Mixed impact of value of dollar
28 September 2000 Media Statement
Mixed impact of value of dollar
The value of the dollar is not some kind of
national virility index, and its present level will have a
mixed impact, Deputy Prime Minister Jim Anderton told a
Rotary audience in Nelson today.
He pointed out that the New Zealand dollar is at a higher level against the Australian dollar today than it was at when the dollar was floated in 1985. Then it bought around 65 cents Australian, compared to about 74 cents now.
"No one would seriously argue that the New Zealand economy has outperformed the Australian economy over the last fifteen years."
The mixed impact of a lower exchange rate overall should include more exports.
"That is something we absolutely have to do. The current account deficit makes it crucial for us to sell more of our goods and services overseas."
Acknowledging that some supermarket prices would rise, Jim Anderton said those rises needed to be put in some perspective.
" New Zealand imported $29.912 billion in the year to August 2000. That amounted to about 29% of our GDP. If the imported goods rose in price by (say) 5%, then that could equate to an increase at the supermarket of as little as $1.45 for every $100 spent at the check-out – and that's if it stayed in place for a full year.
"But what is even more important is that goods and services produced in New Zealand will become cheaper. At the supermarket, it means that New Zealanders will increasingly buy New Zealand made products.

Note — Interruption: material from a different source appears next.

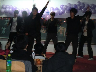 现场以彩色的气球,五彩的灯光,把同学们带入很high的氛围。首先,由一段劲爆全场的舞蹈拉开了男生节序幕,主持人致欢迎词后,一首优美动听的歌曲赢得了大家阵阵的掌声,当同学们还沉醉在歌声的余音中时,歌曲《我的舞台》让同学们不由自主的跟着熟悉的旋律击掌合唱,台上台下掌声笑声交织交汇,现场充满了浓浓的暖意。优美的旋律之后,一段段幽默诙谐的小品把同学们带入到了另一种境界,热烈的掌声响彻整个现场。最让人印象深刻、拍手叫好的节目恐怕要数《群魔乱舞》这个舞蹈了,一群帅气而又霸气十足的男生穿上裙子,令人震撼,这个舞蹈将晚会的气氛推向高潮,掌声一浪高过一浪。最后,以一首《我相信》结束了本次晚会。

"I saw an item on television recently claiming that supermarket prices are going to rise – and it showed imported cheeses to illustrate the point. I'm not sure that many New Zealand families think of French camembert as a staple of the family diet. But the reality is that the price of New Zealand made cheeses don't have to rise.
"In other words – if the price of French camembert is going up, then you can still buy New Zealand-made camembert. And that will create more jobs and rising incomes for New Zealanders."